[[ EXERCISE MATERIAL, beginning ]]

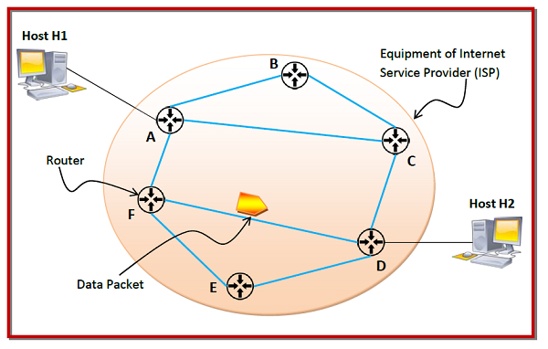 在上圖中,我們可以看到網際網路服務提供商 (ISP) 有六個路由器 (A 到 F) 透過藍色線條所示的傳輸線連線。有兩個主機,主機 H1 連線到路由器 A,而主機 H2 連線到路由器 D。假設 H1 想要向 H2 傳送資料分組。H1 將分組傳送到路由器 A。分組儲存在路由器 A 中,直到它完全到達。路由器 A 使用 CRC (迴圈冗餘校驗) 程式碼驗證校驗和。如果存在 CRC 錯誤,則丟棄分組,否則將其傳輸到下一個跳,此處為路由器 F。路由器 F 遵循相同的過程,然後將分組傳輸到路由器 D。最後,路由器 D 將分組傳遞給主機 H2。
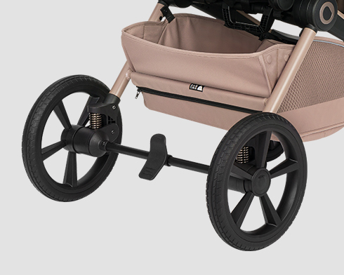 Независимо дали се движите по равен тротоар или неравен терен, въртящите се на 360° предни колела осигуряват отлична маневреност. PU колелата са издръжливи и не изискват поддръжка. Централната спирачка повишава безопасността, а окачването гарантира стабилно и плавно движение.
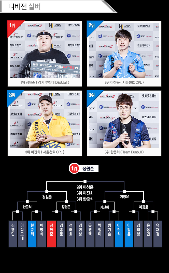 [이벤트] 2017 피닉스다트 코리아 마스터즈 1차대회 결과 2017-03-17 2025년 11월 다트플렉스 B클래스 토너먼트 ▲ 2025-11-14 ▼ 2017 퍼펙트 코리아 1차대회 결과 2017-03-14 목록
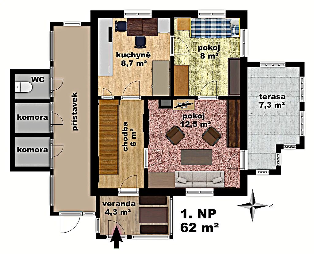 Stávající dispozice zahrnuje čtyři pokoje, kuchyni, komory a sociální zařízení, které již neodpovídá dnešním standardům. Velikou předností je pak prostorná terasa o velikosti 7,3 m2 a 18,5 m2 velký sklep.
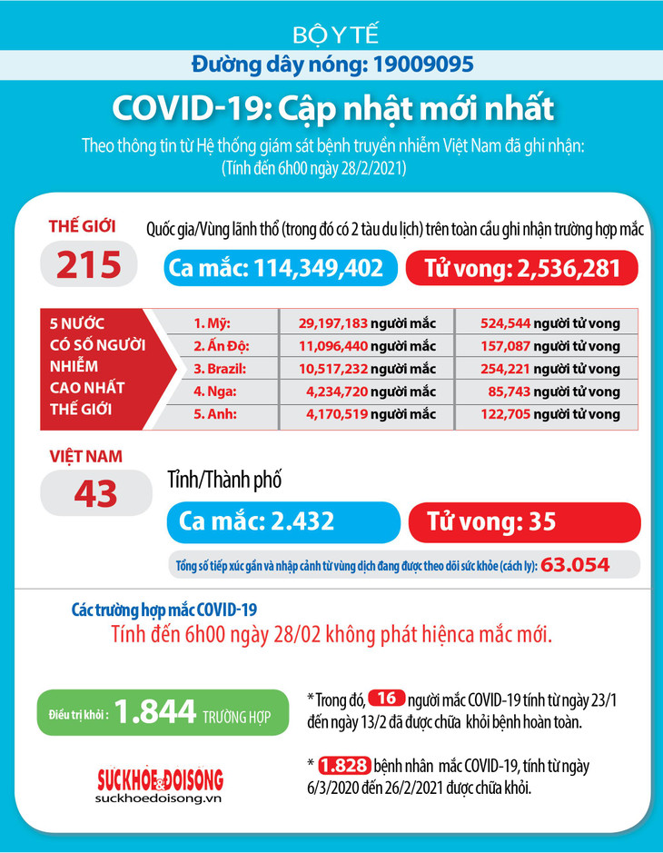 Số ca mắc trên thế giới là 114.394.402; 2.563.281 người tử vong.

[[ EXERCISE MATERIAL, end ]]

**EXERCISE OBJECTIVE:**
Return an exact transcription of the material, with its pictures left out.

**OUTPUT FOR THIS EXERCISE:**
 在上圖中,我們可以看到網際網路服務提供商 (ISP) 有六個路由器 (A 到 F) 透過藍色線條所示的傳輸線連線。有兩個主機,主機 H1 連線到路由器 A,而主機 H2 連線到路由器 D。假設 H1 想要向 H2 傳送資料分組。H1 將分組傳送到路由器 A。分組儲存在路由器 A 中,直到它完全到達。路由器 A 使用 CRC (迴圈冗餘校驗) 程式碼驗證校驗和。如果存在 CRC 錯誤,則丟棄分組,否則將其傳輸到下一個跳,此處為路由器 F。路由器 F 遵循相同的過程,然後將分組傳輸到路由器 D。最後,路由器 D 將分組傳遞給主機 H2。
 Независимо дали се движите по равен тротоар или неравен терен, въртящите се на 360° предни колела осигуряват отлична маневреност. PU колелата са издръжливи и не изискват поддръжка. Централната спирачка повишава безопасността, а окачването гарантира стабилно и плавно движение.
 [이벤트] 2017 피닉스다트 코리아 마스터즈 1차대회 결과 2017-03-17 2025년 11월 다트플렉스 B클래스 토너먼트 ▲ 2025-11-14 ▼ 2017 퍼펙트 코리아 1차대회 결과 2017-03-14 목록
 Stávající dispozice zahrnuje čtyři pokoje, kuchyni, komory a sociální zařízení, které již neodpovídá dnešním standardům. Velikou předností je pak prostorná terasa o velikosti 7,3 m2 a 18,5 m2 velký sklep.
 Số ca mắc trên thế giới là 114.394.402; 2.563.281 người tử vong.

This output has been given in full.